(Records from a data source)

● ● ●

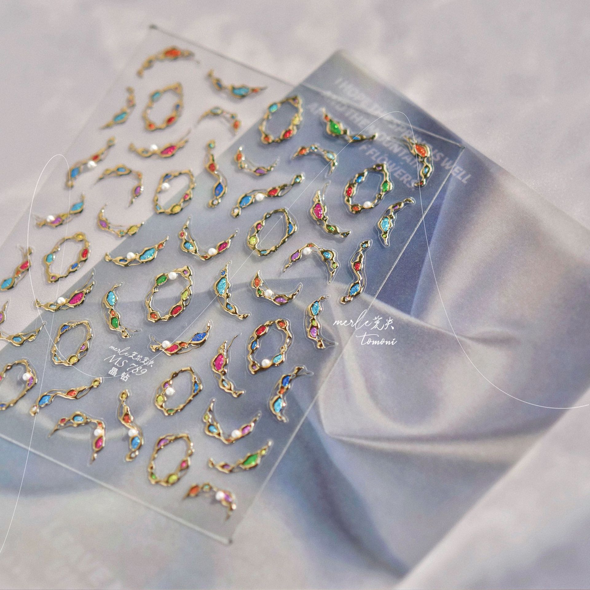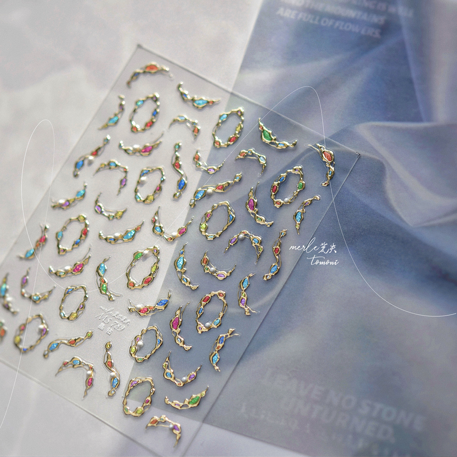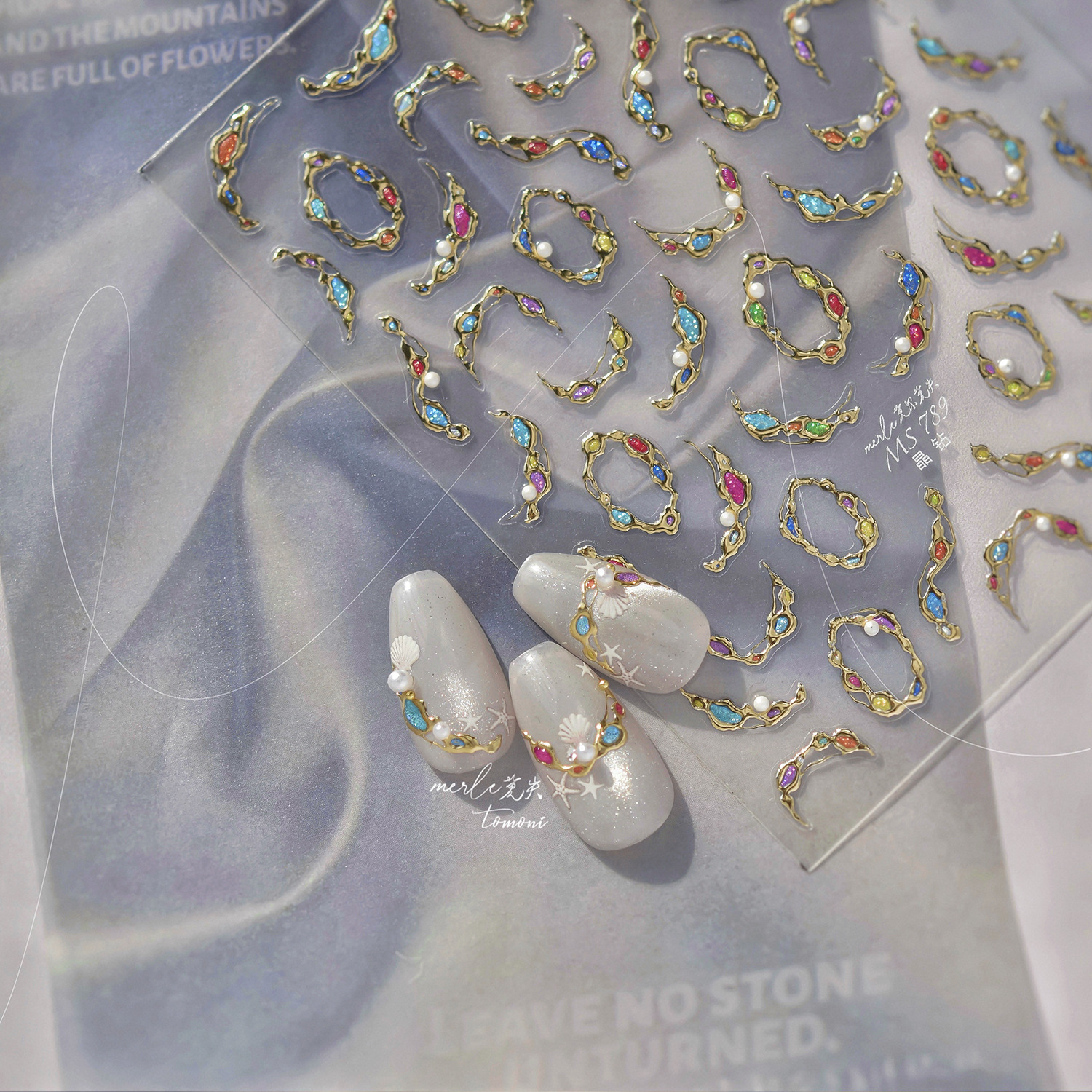 tomoni&莫失金属高贵优雅美甲贴纸轻熟风指甲贴金边权杖饰品素材
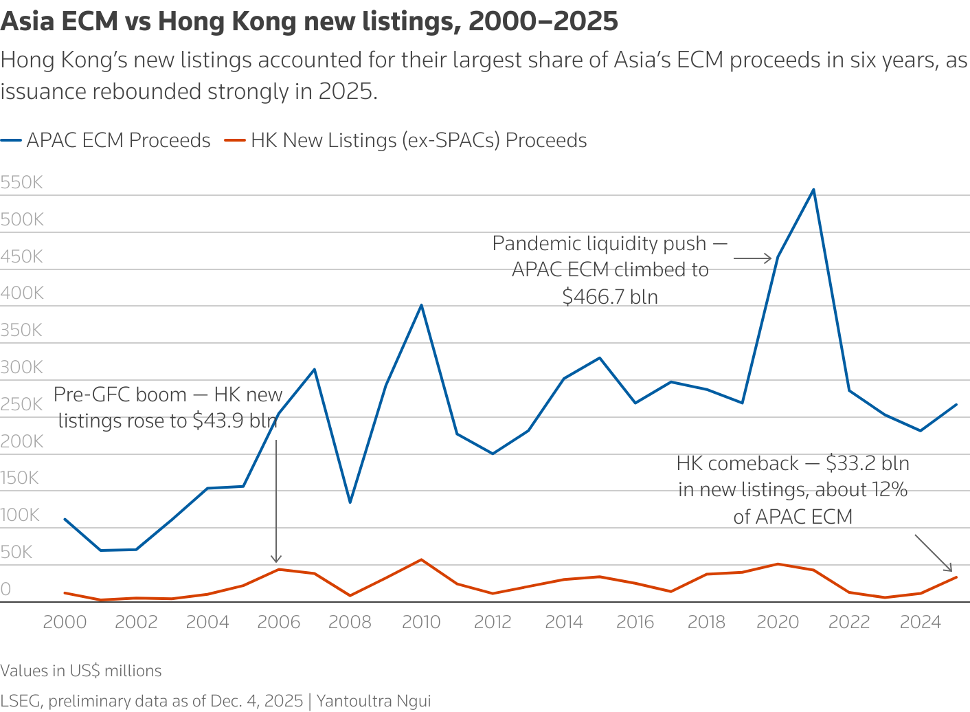- The center of gravity has shifted. The Bamboo Works reports that 2025 policy changes pulled offshore listing activity back to Asia, helping Hong Kong top global IPO rankings. CNBC observed a clear retreat from U.S. listings.
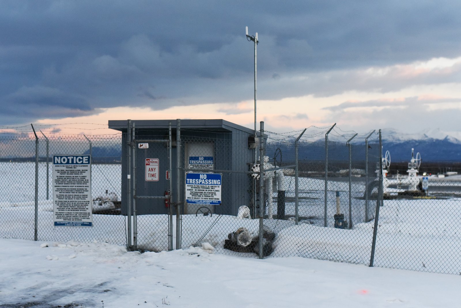 A snow-covered industrial facility, identified as Marathon Petroleum Corp at Anchorage Airport, is seen behind a chain-link fence with barbed wire. Distant snow-capped mountains are visible under a cloudy, twilight sky.
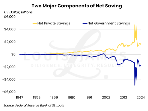 The point, however, is that even if we take the COVID-19 spikes out of the chart above, government debt (negative savings) is increasing faster than private (actual) savings.
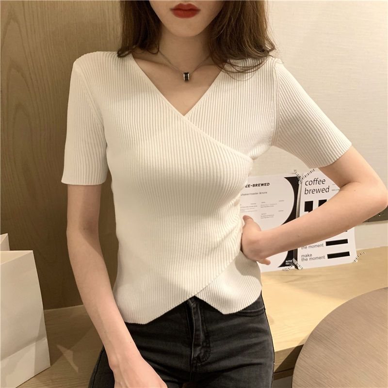 | nameOriginal | Short-Sleeved T-Shirt Women's Summer Inner-Wearing Knitted Shirt Cross V-Neck Western-Style Outer-Wearing Design-Sense Ins Short Base-Layer Shirt Top |
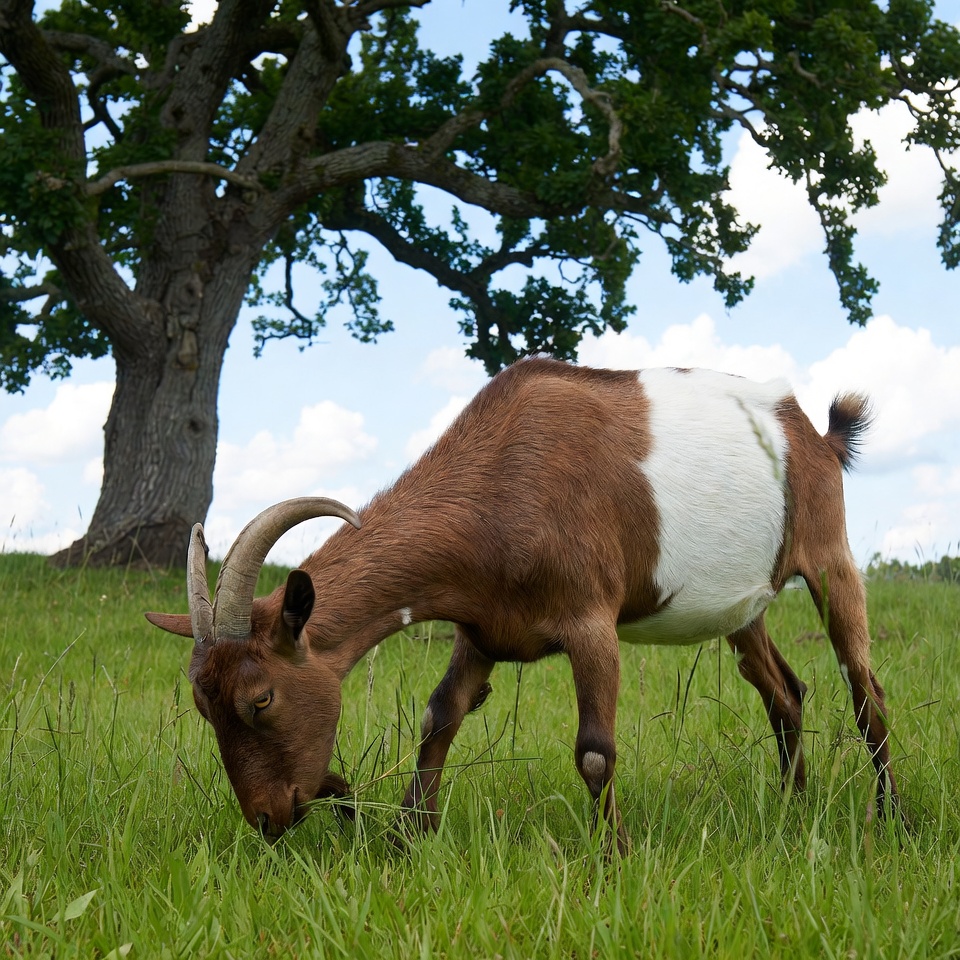 A brown and white goat with curved horns grazes on green grass in a field. A large oak tree stands behind it under a blue sky with scattered clouds. The goat is positioned with its head lowered to the ground.
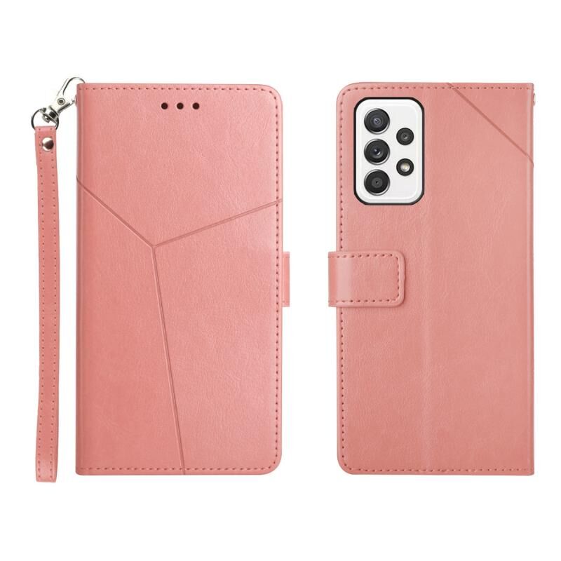 Για Samsung Galaxy A73 5G Y ραφή οριζόντια Flip υπόθεση τηλεφώνου δέρμα (Rose Gold)
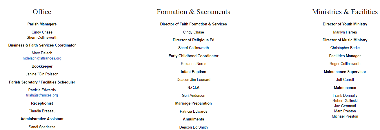 Parish Secretary / Facilities Scheduler: Patricia Edwards (trish@stfrances.org (mailto:trish@stfrances.org))
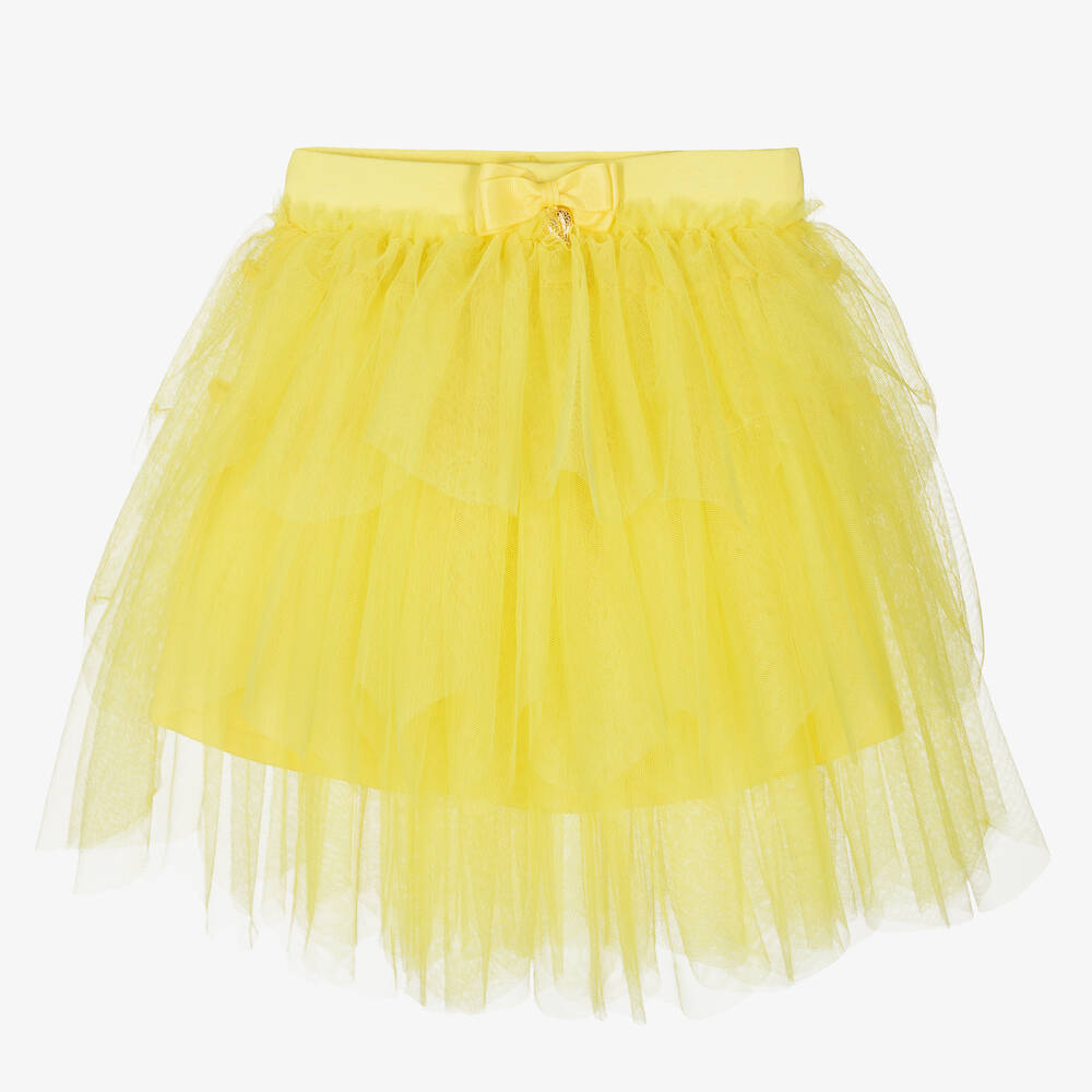 Girls bright yellow tutu skirt by Angel's Face, featuring the signature golden wings heart and grosgrain bow on the waist. The voluminous tulle layers are delicately shaped like sweet flower petals, making it lovely for a party or special occasion. It has a soft cotton jersey lining and elasticated waist for comfort.
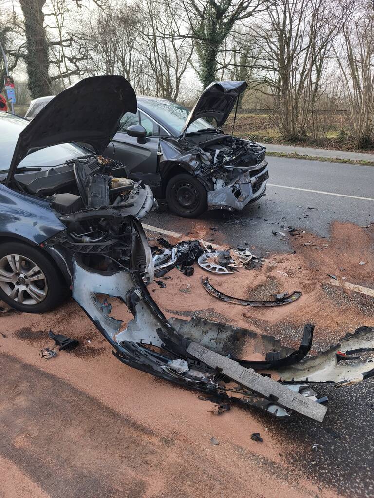 Die Freiwillige Feuerwehr streute die auslaufenden Betriebsstoffe mit Bindemittel ab und klemmte bei beiden PKW vorsorglich die Batterie ab.
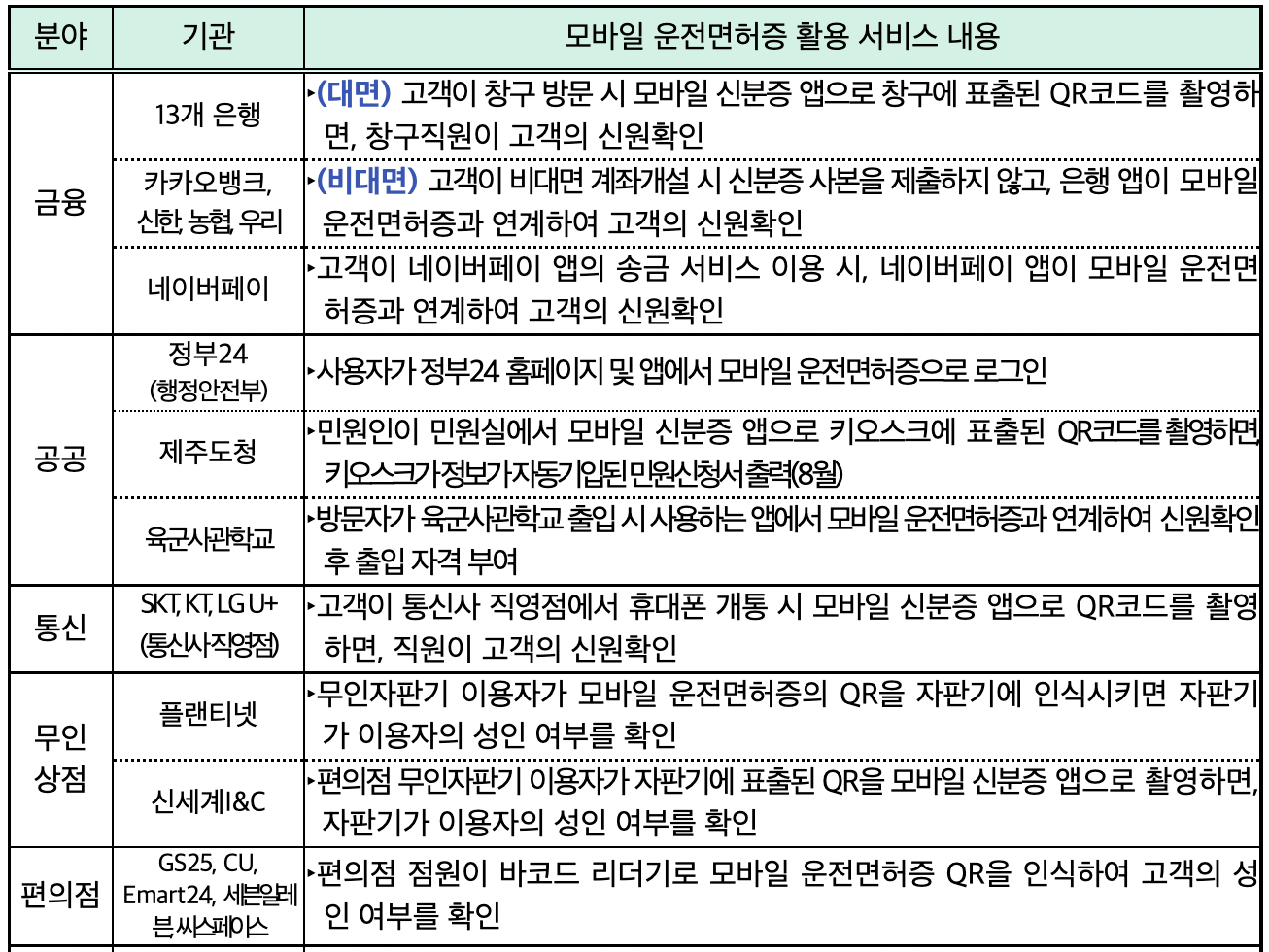 * 더욱 자세한 모바일 운전면허증 사용처별 내용은 아래의 표를 참고하세요~
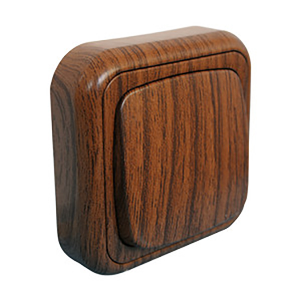 Interruptor conmutado para superficie, de color madera.
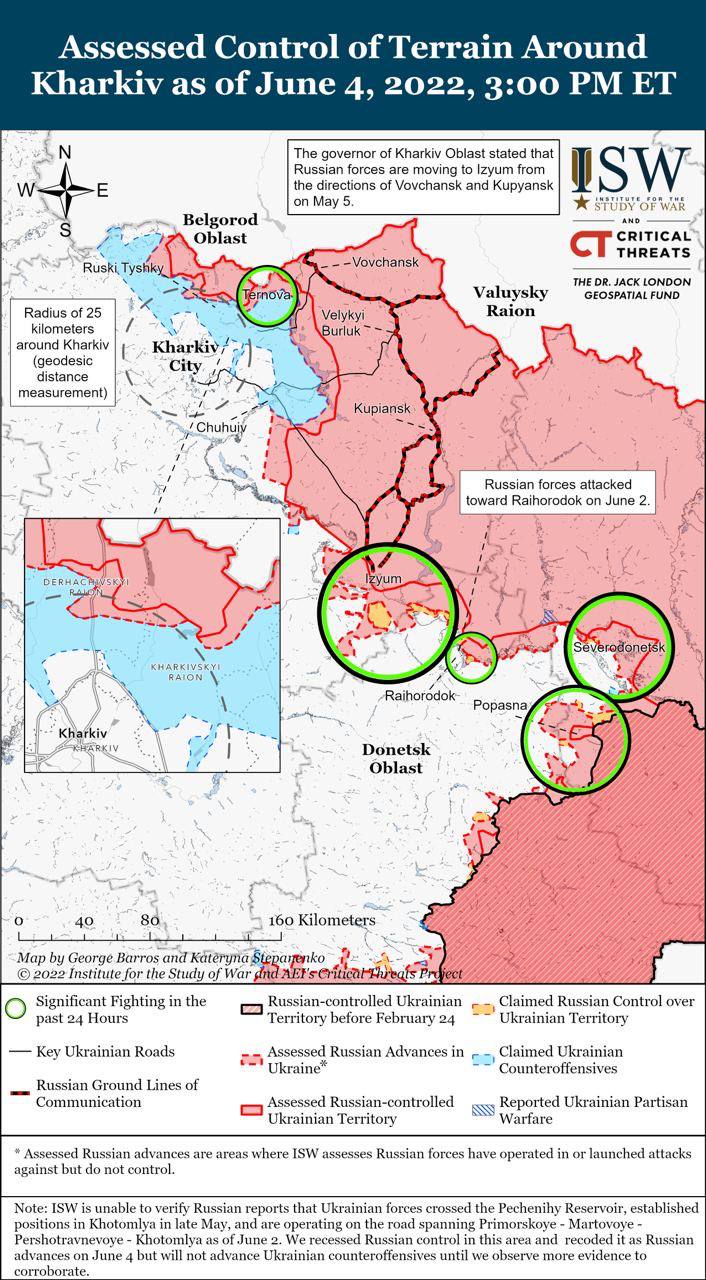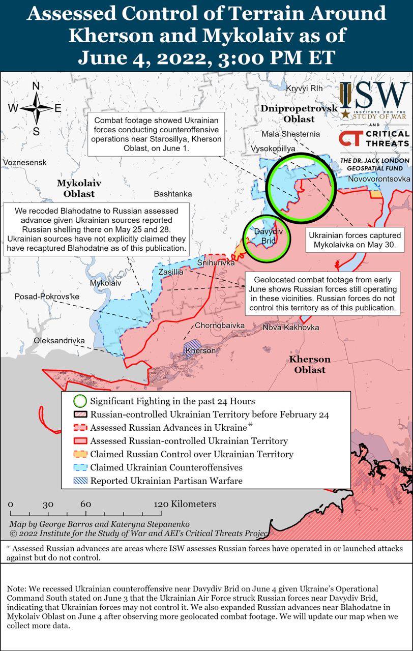 - За последние 24 часа украинские силы предприняли контратаки в Северодонецке, что, вероятно, свело на нет оперативный импульс, который российские силы ранее набрали за счет концентрации боевых подразделений и огневой мощи.

● ● ●

- _ASSIGNMENT_
Quote the data above in full and without alteration; skip the pictures.

- _ANSWER BOX_
 tomoni&莫失金属高贵优雅美甲贴纸轻熟风指甲贴金边权杖饰品素材
- The center of gravity has shifted. The Bamboo Works reports that 2025 policy changes pulled offshore listing activity back to Asia, helping Hong Kong top global IPO rankings. CNBC observed a clear retreat from U.S. listings.
 A snow-covered industrial facility, identified as Marathon Petroleum Corp at Anchorage Airport, is seen behind a chain-link fence with barbed wire. Distant snow-capped mountains are visible under a cloudy, twilight sky.
 The point, however, is that even if we take the COVID-19 spikes out of the chart above, government debt (negative savings) is increasing faster than private (actual) savings.
 | nameOriginal | Short-Sleeved T-Shirt Women's Summer Inner-Wearing Knitted Shirt Cross V-Neck Western-Style Outer-Wearing Design-Sense Ins Short Base-Layer Shirt Top |
 A brown and white goat with curved horns grazes on green grass in a field. A large oak tree stands behind it under a blue sky with scattered clouds. The goat is positioned with its head lowered to the ground.
 Για Samsung Galaxy A73 5G Y ραφή οριζόντια Flip υπόθεση τηλεφώνου δέρμα (Rose Gold)
 Parish Secretary / Facilities Scheduler: Patricia Edwards (trish@stfrances.org (mailto:trish@stfrances.org))
 Girls bright yellow tutu skirt by Angel's Face, featuring the signature golden wings heart and grosgrain bow on the waist. The voluminous tulle layers are delicately shaped like sweet flower petals, making it lovely for a party or special occasion. It has a soft cotton jersey lining and elasticated waist for comfort.
 Die Freiwillige Feuerwehr streute die auslaufenden Betriebsstoffe mit Bindemittel ab und klemmte bei beiden PKW vorsorglich die Batterie ab.
 * 더욱 자세한 모바일 운전면허증 사용처별 내용은 아래의 표를 참고하세요~
 Interruptor conmutado para superficie, de color madera.
 - За последние 24 часа украинские силы предприняли контратаки в Северодонецке, что, вероятно, свело на нет оперативный импульс, который российские силы ранее набрали за счет концентрации боевых подразделений и огневой мощи.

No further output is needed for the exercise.